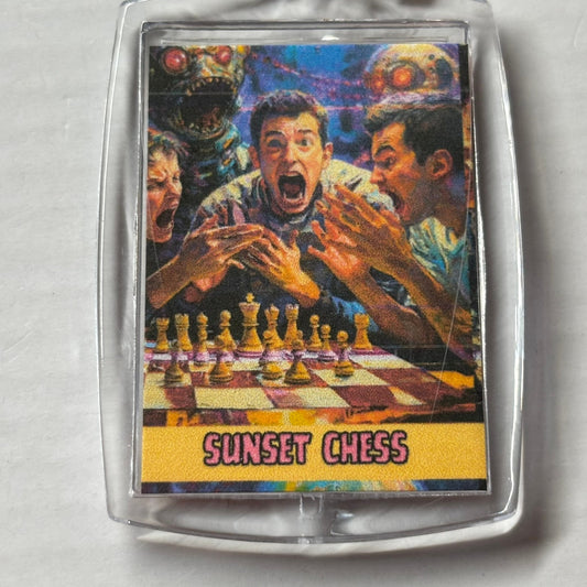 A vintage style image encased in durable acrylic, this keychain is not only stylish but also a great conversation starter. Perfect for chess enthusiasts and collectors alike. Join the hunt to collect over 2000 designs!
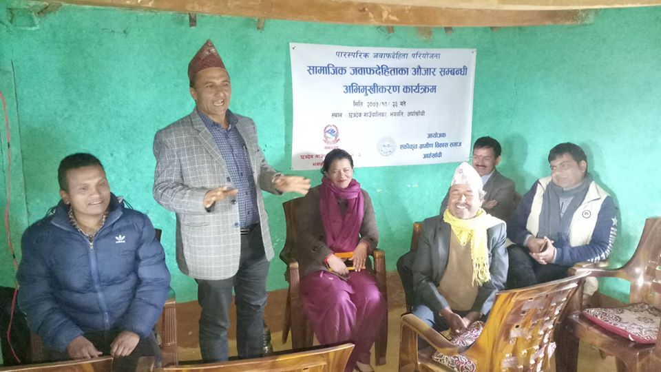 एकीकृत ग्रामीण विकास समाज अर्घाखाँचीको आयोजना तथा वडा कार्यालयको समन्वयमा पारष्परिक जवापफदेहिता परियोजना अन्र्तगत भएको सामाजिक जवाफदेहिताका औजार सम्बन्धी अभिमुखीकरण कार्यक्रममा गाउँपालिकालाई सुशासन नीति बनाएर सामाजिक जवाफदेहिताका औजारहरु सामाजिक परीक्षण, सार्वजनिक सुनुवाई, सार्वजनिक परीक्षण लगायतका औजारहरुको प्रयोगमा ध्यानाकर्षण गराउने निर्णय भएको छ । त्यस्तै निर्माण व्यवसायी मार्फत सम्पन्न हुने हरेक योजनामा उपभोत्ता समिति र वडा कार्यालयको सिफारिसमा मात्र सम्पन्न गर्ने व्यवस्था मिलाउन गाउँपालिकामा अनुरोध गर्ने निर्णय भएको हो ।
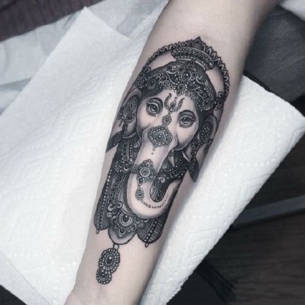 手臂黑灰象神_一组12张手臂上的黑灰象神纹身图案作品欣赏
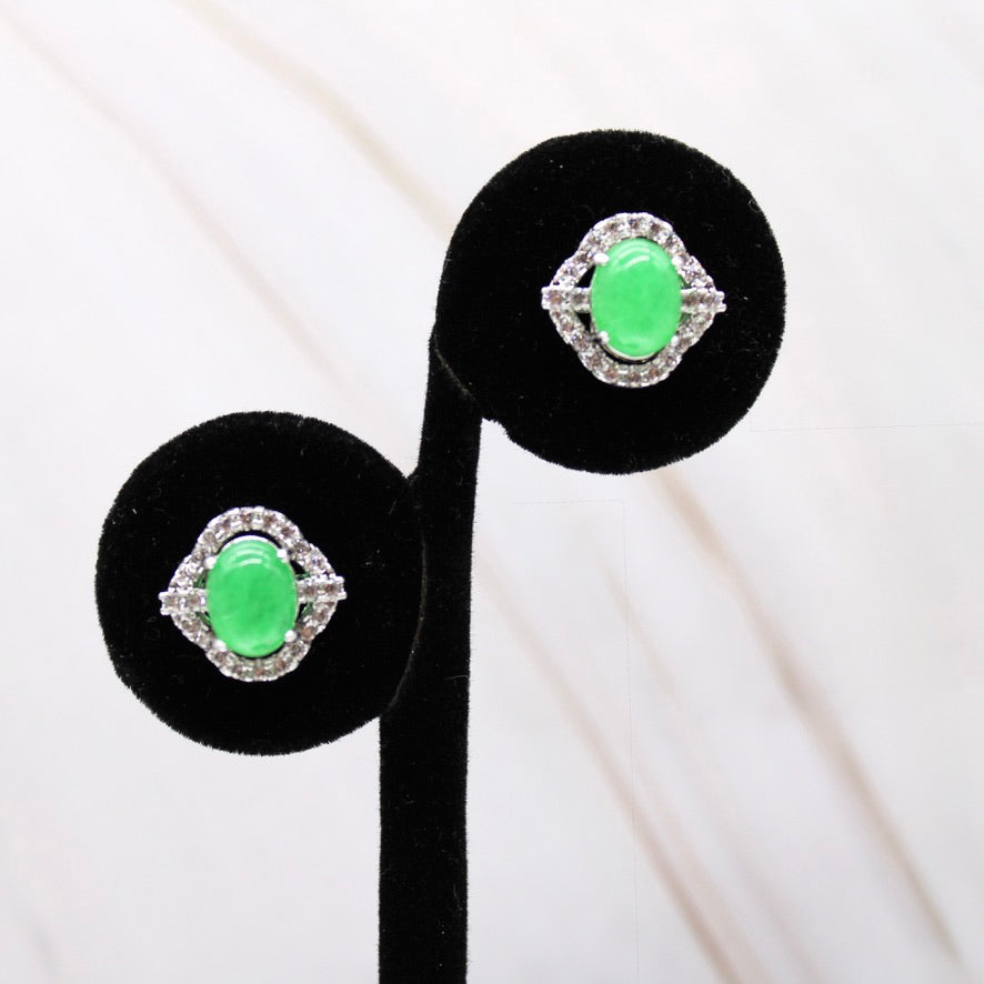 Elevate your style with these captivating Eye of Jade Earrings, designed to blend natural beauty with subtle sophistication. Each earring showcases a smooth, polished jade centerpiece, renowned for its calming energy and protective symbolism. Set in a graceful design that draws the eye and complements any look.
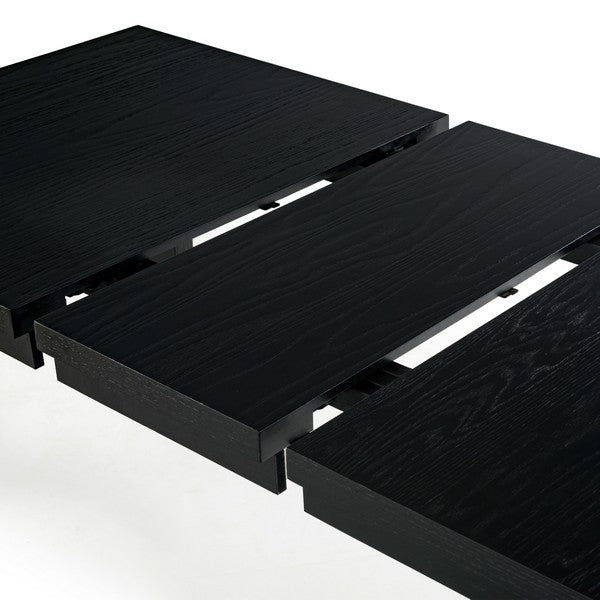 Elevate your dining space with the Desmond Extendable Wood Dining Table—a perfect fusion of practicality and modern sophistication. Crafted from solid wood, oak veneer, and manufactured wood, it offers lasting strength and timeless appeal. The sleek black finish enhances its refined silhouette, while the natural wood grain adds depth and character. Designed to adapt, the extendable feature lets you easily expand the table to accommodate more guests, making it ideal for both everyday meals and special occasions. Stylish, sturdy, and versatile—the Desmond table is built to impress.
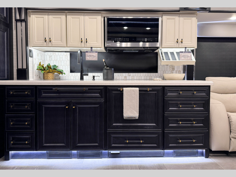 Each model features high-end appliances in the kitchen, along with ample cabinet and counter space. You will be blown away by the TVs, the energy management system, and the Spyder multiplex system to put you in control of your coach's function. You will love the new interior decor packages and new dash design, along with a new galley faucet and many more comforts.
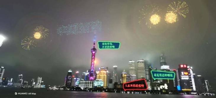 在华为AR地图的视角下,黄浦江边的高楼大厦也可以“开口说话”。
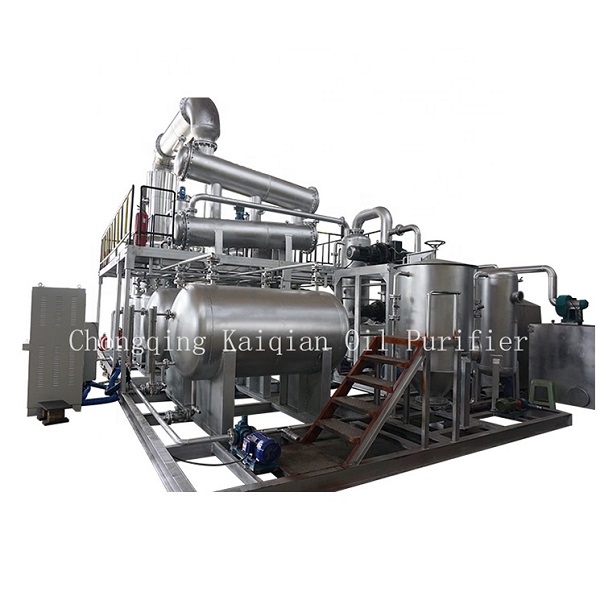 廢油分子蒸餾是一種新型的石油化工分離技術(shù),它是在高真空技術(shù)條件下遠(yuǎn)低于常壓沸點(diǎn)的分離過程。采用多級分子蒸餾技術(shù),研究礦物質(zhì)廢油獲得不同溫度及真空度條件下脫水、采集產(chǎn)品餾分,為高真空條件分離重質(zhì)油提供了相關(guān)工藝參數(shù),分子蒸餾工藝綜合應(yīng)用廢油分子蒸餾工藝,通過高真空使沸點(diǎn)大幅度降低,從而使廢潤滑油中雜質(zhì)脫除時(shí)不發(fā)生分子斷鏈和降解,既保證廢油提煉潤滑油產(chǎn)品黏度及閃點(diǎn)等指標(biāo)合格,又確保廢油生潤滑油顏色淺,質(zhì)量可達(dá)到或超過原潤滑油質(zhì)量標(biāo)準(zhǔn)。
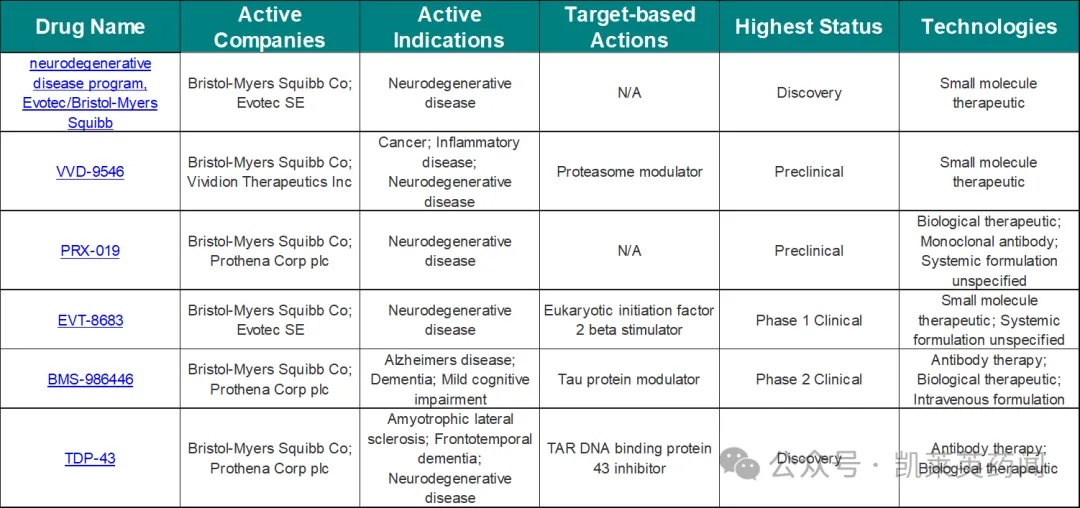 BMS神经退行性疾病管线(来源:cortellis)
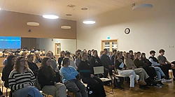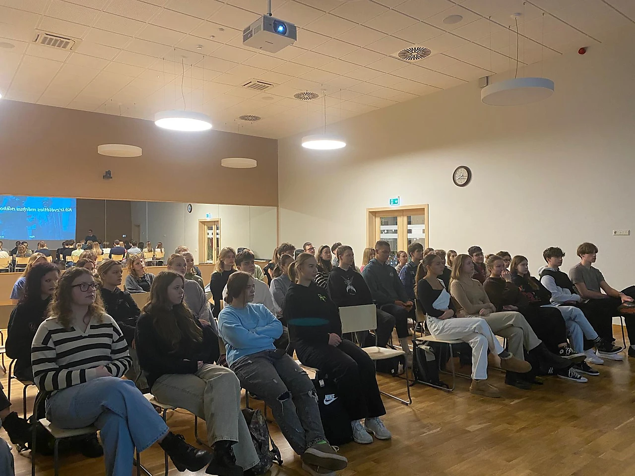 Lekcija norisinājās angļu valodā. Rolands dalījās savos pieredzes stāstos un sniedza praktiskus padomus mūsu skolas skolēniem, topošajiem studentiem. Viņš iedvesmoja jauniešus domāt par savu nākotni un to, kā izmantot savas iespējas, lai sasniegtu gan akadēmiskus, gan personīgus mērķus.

...

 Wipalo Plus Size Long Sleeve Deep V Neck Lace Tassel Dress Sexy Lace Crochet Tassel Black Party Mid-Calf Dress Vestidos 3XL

▸ Task to complete
Beginning with the line above that has "A vintage style" and going on through the line that has "Elevate your style", retype every line exactly and add nothing else; drop the pictures.

▸ Your response
 A vintage style image encased in durable acrylic, this keychain is not only stylish but also a great conversation starter. Perfect for chess enthusiasts and collectors alike. Join the hunt to collect over 2000 designs!
 एकीकृत ग्रामीण विकास समाज अर्घाखाँचीको आयोजना तथा वडा कार्यालयको समन्वयमा पारष्परिक जवापफदेहिता परियोजना अन्र्तगत भएको सामाजिक जवाफदेहिताका औजार सम्बन्धी अभिमुखीकरण कार्यक्रममा गाउँपालिकालाई सुशासन नीति बनाएर सामाजिक जवाफदेहिताका औजारहरु सामाजिक परीक्षण, सार्वजनिक सुनुवाई, सार्वजनिक परीक्षण लगायतका औजारहरुको प्रयोगमा ध्यानाकर्षण गराउने निर्णय भएको छ । त्यस्तै निर्माण व्यवसायी मार्फत सम्पन्न हुने हरेक योजनामा उपभोत्ता समिति र वडा कार्यालयको सिफारिसमा मात्र सम्पन्न गर्ने व्यवस्था मिलाउन गाउँपालिकामा अनुरोध गर्ने निर्णय भएको हो ।
 手臂黑灰象神_一组12张手臂上的黑灰象神纹身图案作品欣赏
 Elevate your style with these captivating Eye of Jade Earrings, designed to blend natural beauty with subtle sophistication. Each earring showcases a smooth, polished jade centerpiece, renowned for its calming energy and protective symbolism. Set in a graceful design that draws the eye and complements any look.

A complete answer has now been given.